Health is a Community Asset
America is facing a health care crisis. Our waistlines and chronic disease rates have exponentially increased over the last 25 years adversely affecting our health, our communities and our economy. Traditional thinking on health focuses on illness rather than wellness, pills rather than healthy eating and exercise, downstream treatment rather than upstream prevention and is primarily driven by reimbursement and money. These factors led to the current health trends of a rise in obesity, diabetes and heart disease. Eighty percent of all chronic disease is caused by three preventable behaviors: poor nutrition (overeating, yet being undernourished), physical inactivity and smoking. These factors combined with poverty, skyrocketing health insurance costs, and inaccessibility to health care, puts an economic strain on families and their communities.
The Culture of Wellness helps communities identify their most important health needs and develop community goals and strategies to address their concerns. It builds on local perspectives, strengths and expertise so each community is working to address its own health needs.

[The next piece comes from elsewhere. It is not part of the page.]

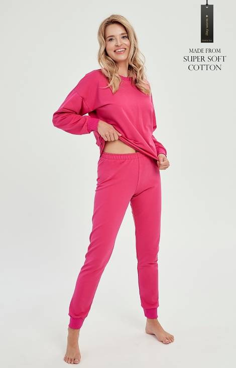 Luźny komplet damski, sportowy. Składa się z klasycznej bluzy oraz długich spodni .Komplet uszyty z bawełny.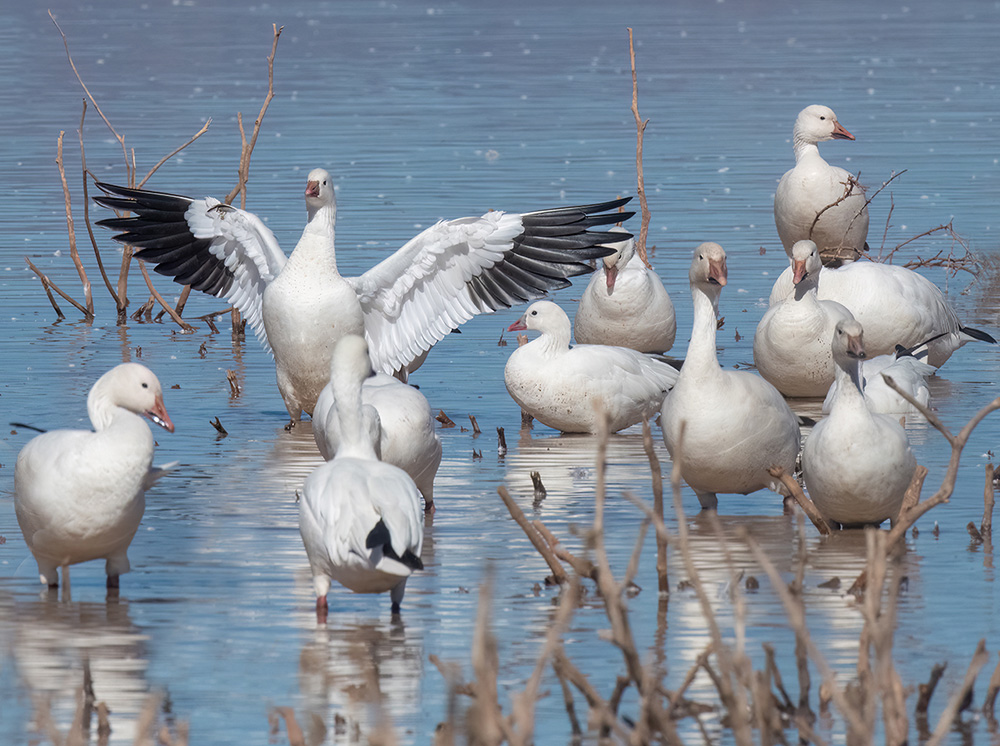 Arizona hosts several goose species, most notably the native Canada Goose, along with spectacular winter visitors such as Snow and Ross’s Geese. Beginning in October, migrating flocks descend on the state’s reservoirs, wetlands, and flood-irrigated agricultural fields to feed on grains, grasses, and aquatic vegetation. Over the past few decades, the Canada Goose has transitioned from a scarce winter visitor to an increasingly common resident, nesting along urban lake shores and river corridors from Phoenix northward. Snow Geese, including both white and blue-morph individuals, can number in the tens of thousands on the Colorado River’s marshes near Yuma, while the pint-sized Ross’s Goose occasionally joins these gatherings. By early spring, most geese depart for Arctic and subarctic breeding grounds, underscoring Arizona’s vital role as a winter refuge for these charismatic waterfowl.

The individual health of citizens is often an overlooked community asset. Improved health is linked to increased employability and reduction in poverty. When people are well, they are able to gain and maintain employment, which circulates revenue. School and work absenteeism rates are less for healthy individuals, which translates into greater production and economic security.
It is also optimal to keep health care dollars within the local community. While the vast majority of health care can be provided locally, rural citizens often drive to large medical centers, making health care and non-health care purchases. It is estimated that within a typical rural community, millions of dollars of revenue are lost in this way. This revenue could be retained by enhancing local access to health information and services thereby improving community health and economic growth. Embracing a Culture of Wellness will improve the overall function of the health care system and reduce health care costs and improve the economic viability of rural communities.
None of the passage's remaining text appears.